This notebook shows the usage of GDS machine learning pipelines with the Python client and the well-known Cora dataset.

## Setup

We need an environment where Neo4j and GDS are available, for example AuraDS (which comes with GDS preinstalled) or Neo4j Desktop. 

Once the credentials to this environment are available, we can install the `graphdatascience` package and create the `gds` object.

In [None]:
!pip install graphdatascience==1.3.0

In [None]:
# Import the client
from graphdatascience import GraphDataScience

# Replace with the actual credentials
AURA_CONNECTION_URI = "neo4j+s://xxxxxxxx.databases.neo4j.io"
AURA_USERNAME = "neo4j"
AURA_PASSWORD = ""

# Configure the client with AuraDS-recommended settings if using AuraDS
gds = GraphDataScience(
    AURA_CONNECTION_URI,
    auth=(AURA_USERNAME, AURA_PASSWORD),
    aura_ds=True
)

We import `json` to help in writing the Cypher queries used to load the data, and `numpy` and `pandas` for further data processing.

In [None]:
import json

import numpy as np
import pandas as pd

## Load the Cora dataset

First of all, we need to load the Cora dataset on Neo4j.
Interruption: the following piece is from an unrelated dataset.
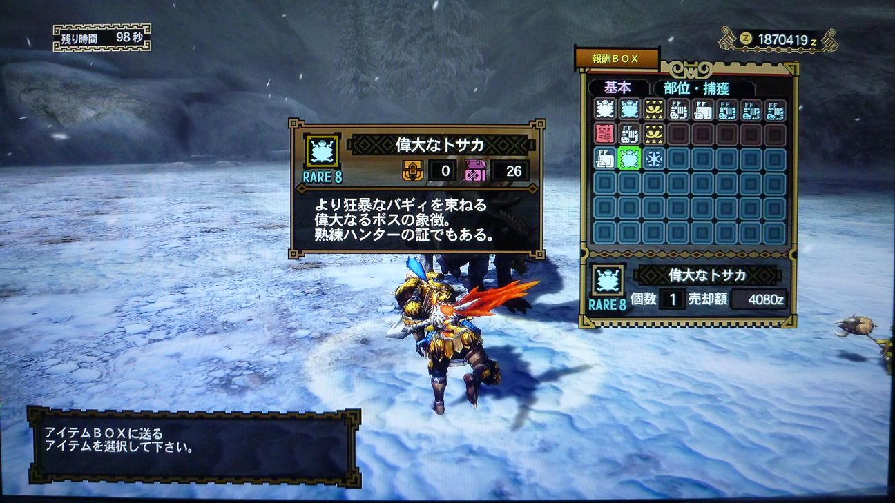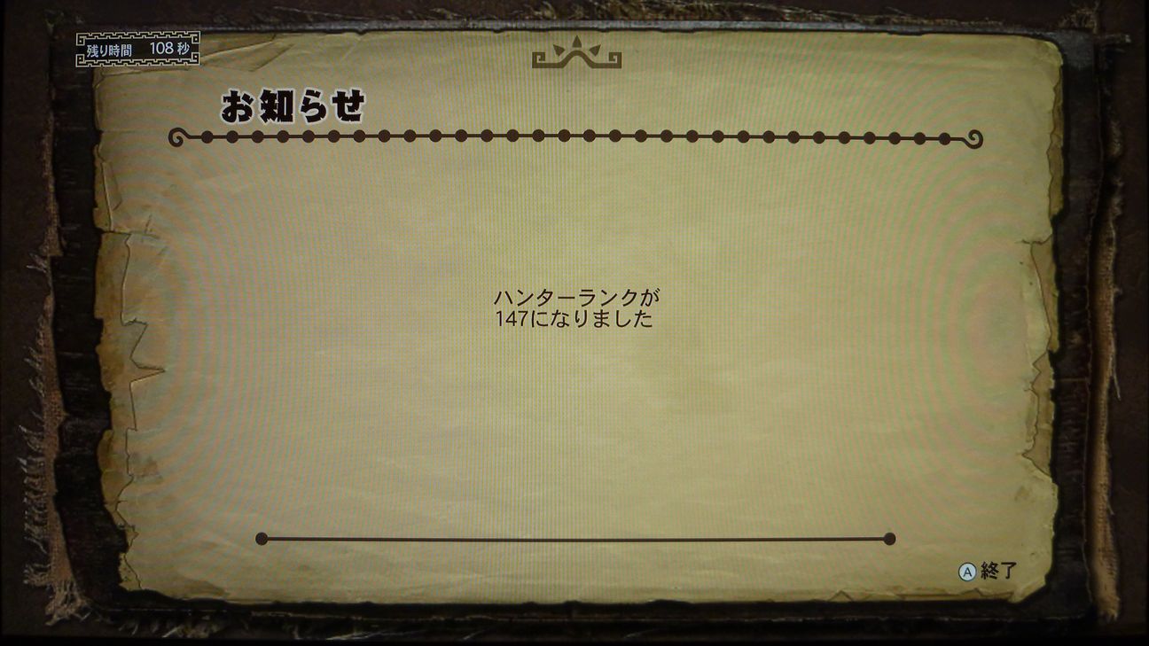虫採取の時間も合わせて、前よりは狩猟時間はかかりました。

Upon loading, we also need to perform an additional preprocessing step to convert the `subject` field (which is a string in the dataset) into an integer, because node properties have to be numerical in order to be projected into a graph; although we could assign consecutive IDs, we assign an ID other than 0 to the first class to show how the classes are represented in the model.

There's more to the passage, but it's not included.